Королева - Страница 3

Изменить размер шрифта:

— Перестаньте глупости болтать, мой милый паж.

— Нет, не глупости, — нервно вырвалось у Серёжи. — Если бы мне это одному казалось, тогда так; а то, говорю вам, это и другие замечают… Курчаев, Марья Петровна… Маркевич…

В лице Зои отразилось заметное беспокойство, которого не могла скрыть даже презрительная гримаса губ.

— Какая пошлость! — сказала она и затем не сразу прибавила с высокомерным выражением лица: — Положим, мне всё равно, что бы они там ни говорили. А вам я не советую передавать мне подобные сплетни.

Серёжа слегка побледнел и гордо ответил:

— Я вам никаких сплетен и не передаю. Я не слышал ничего такого, что они бы говорили о вас и… и об Алексее… Алексее Алексеевиче… — Он с некоторого времени стал звать брата по имени и отчеству. — А если бы и говорили, так я бы…

— Как же, вы сами сказали, Курчаев…

— Что же я сказал? — загорячился Серёжа. — Курчаев находит, что вы повторяете некоторые слова брата и впадаете в его тон… Я, буквально, не говорил ничего другого…

— Ну, положим, я знаю, Курчаев…

Она не договорила, пожала опять также по-детски плечами, но Серёжа понял её и докончил эту мысль по-своему:

— Положим, Курчаев влюблён в вас, но… Но всё-таки он ничего не говорит такого…

— Так откуда же вы взяли это, если никто ничего подобного не говорил?

Серёжа почувствовал себя униженным. Уж не подозревает ли она, что он сам сочиняет сплетню? Ко всей его горечи прибавилось ещё новое обидное чувство оскорблённого самолюбия.

— Откуда?.. Да разве этого не видно… Это и слепой увидит.

Зоя сжала обеими руками тросточку и едва не сломала её…

— Послушайте, милый мой паж, — внушительно обратилась она к Серёже. — Я вас прошу никогда не возбуждать подобных разговоров. Вы ещё мальчик, ребёнок, и потому… подобный вздор… подобный чувства… интересы… — затруднялась она выразить свою мысль, — должны быть чужды вам… То есть, вы не должны интересоваться всем этим вздором.

— Опоздали! — почти с отчаянием возразил он и хотел засмеяться саркастическим смехом, но уж слишком больно его задели за живое, и потому вместо смеха у него вырвались только какие-то неестественные междометия.
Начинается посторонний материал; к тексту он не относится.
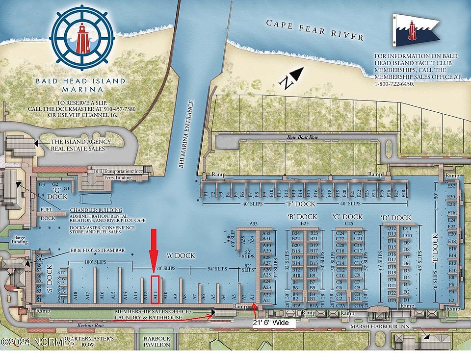 Premium 70' boat slip at the Bald Head Island Marina. Nestled along the stunning North Carolina coastline, this meticulously maintained boat slip offers more than just a place to dock your vessel; it provides an exclusive gateway to a world of coastal adventure and relaxation. Excellent location within the BHI Marina. 70-foot slip.

Зоя изумлённо открыла на него глаза.

— Что такое?!

— Мне семнадцать лет… Я не ребёнок… — бледный и с дрожавшими от волнения сухими губами начал он, весь выпрямившись, и в эту минуту действительно показался ей сразу как будто выросшим, а голос его, похожий на голос брата, зазвучал недетскими нотами. — Я всё вижу, всё знаю, всё понимаю и чувствую, может быть, сильнее и глубже других… Да!.. А что я ещё не кончил курса академии что я ещё не самостоятелен, так это не важность… и не в этом дело… Каких-нибудь три-четыре года ещё ничего не значат… Вы ведь тоже немного старше меня. Мы почти ровесники! — совсем уж по-детски закончил он, дрожа всем телом и сверкая своими карими глазами.

Зоя Дмитриевна не выдержала и звонко рассмеялась после этого неожиданного заключения.
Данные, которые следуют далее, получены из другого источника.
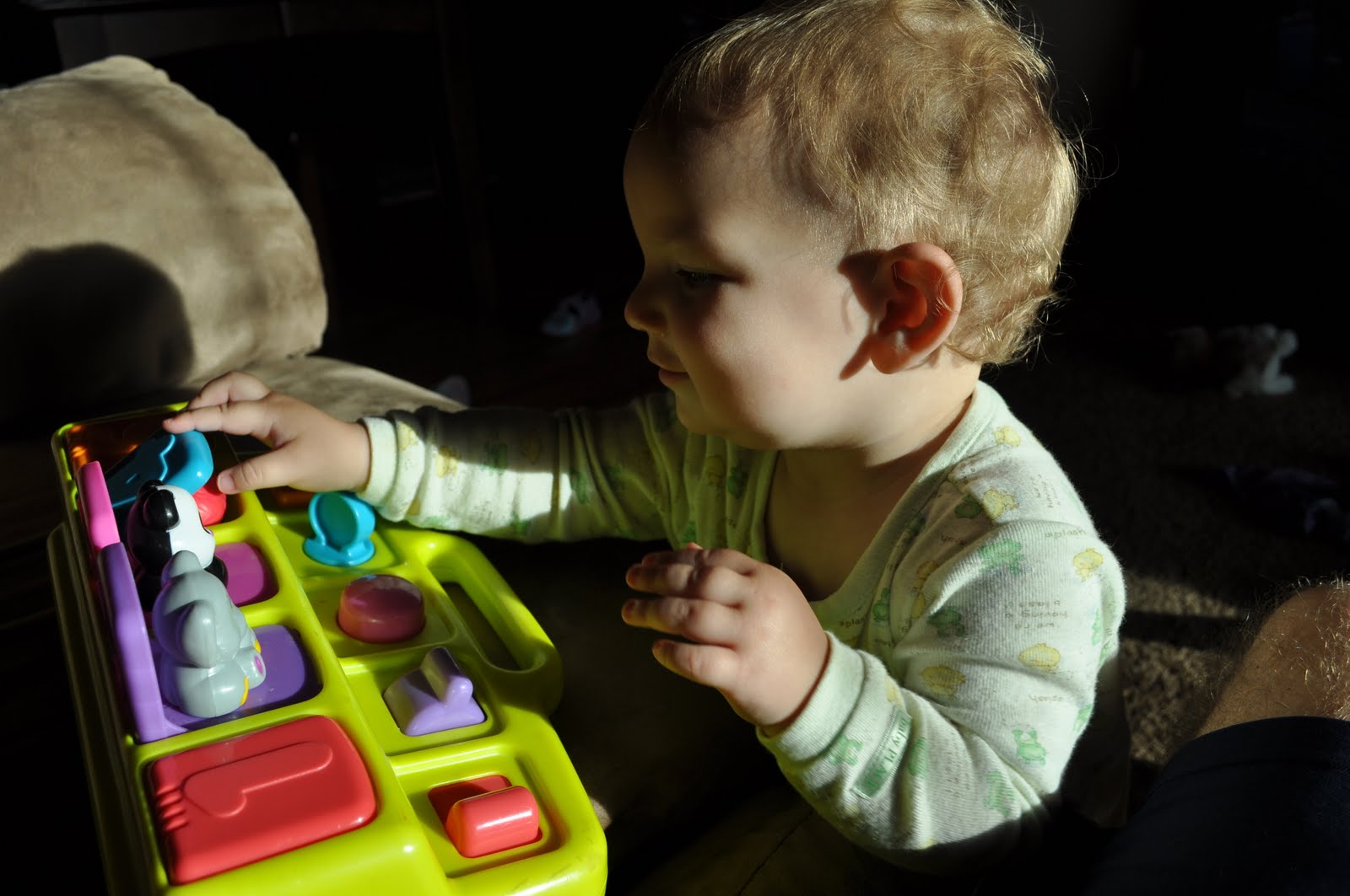 >I really like this picture that Cory took of Thea. She loves this toy and has gotten to the point where she can open and close the doors herself, and then she claps to celebrate. So stinkin cute!

Серёжа сначала опешил от её смеха, который вонзался в его сердце, как острые иглы, и, всколыхнув в груди накипавшие слёзы, поднял их к самым глазам.

Он всеми силами старался удержать их — и не мог… Плечи его шевельнулись. Тогда он быстро отвернулся, чувствуя дрожь и слабость в ногах, и, схватившись обеими руками за соседний большой деревянный крест, уронил на руки голову и зарыдал.
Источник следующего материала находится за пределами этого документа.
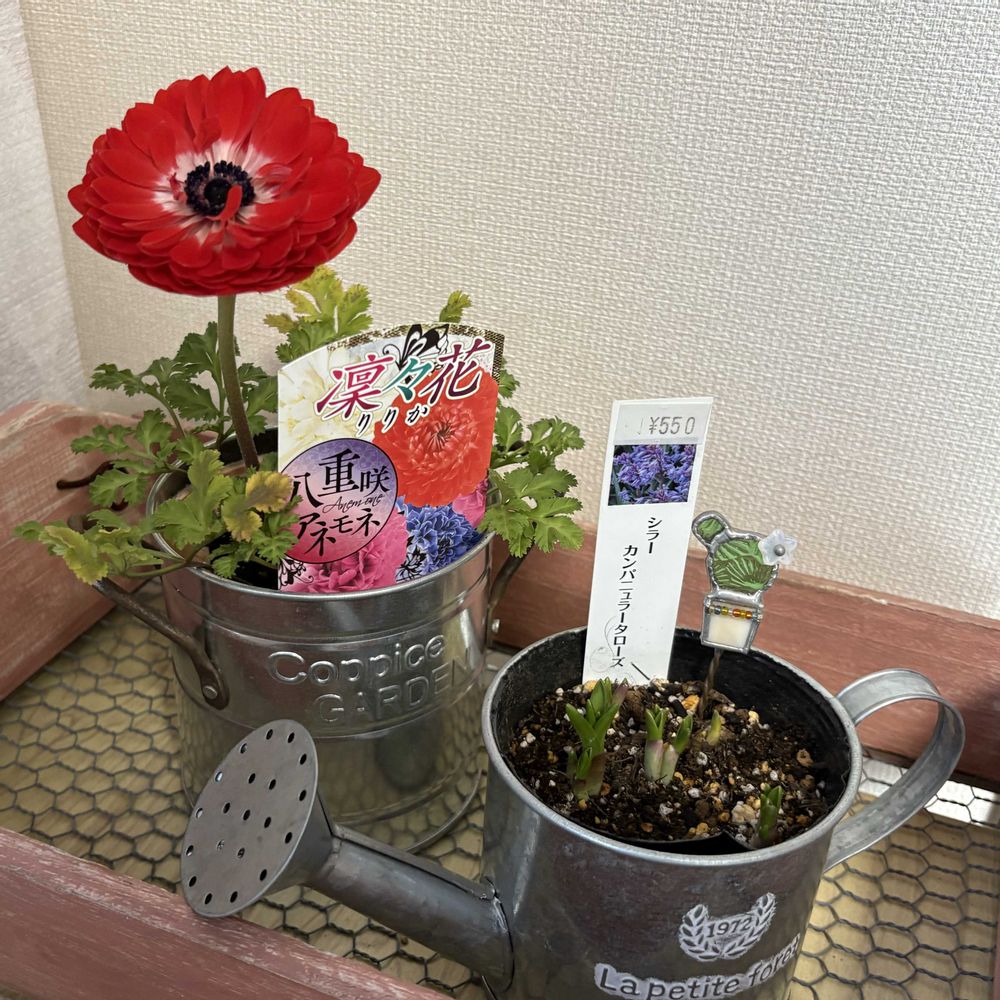 二人のお孫ちゃん、バァバ譲りのお花好きですね🌼ブリキの鉢可愛いしピックもちゃんと選んでますね👧

Она порывисто приблизилась к нему и, положив левую руку ему на плечо и стараясь заглянуть в лицо его, прильнувшее к сложенным на кресте рукам, растерянно говорила, повторяя одни и те же слова:

— Серёжа… Голубчик… Милый… Что с вами?..

Но её прикосновение, её ласковый и испуганный голос ещё более открывали дорогу слезам, и рыдания стали сильнее…

— Ах ты, Господи! И ведь воды-то близко нет… — ещё более растерявшись, говорила она, озираясь вокруг и не зная, что ей делать. — Ну, успокойтесь же, успокойтесь… Я не понимаю, отчего это… Что с вами?.. Я вас обидела… Простите… Ну же, довольно… Ведь вы не ребёнок — уговаривала она его, забыв, что минуту назад старалась уверить его именно в том, что он ребёнок.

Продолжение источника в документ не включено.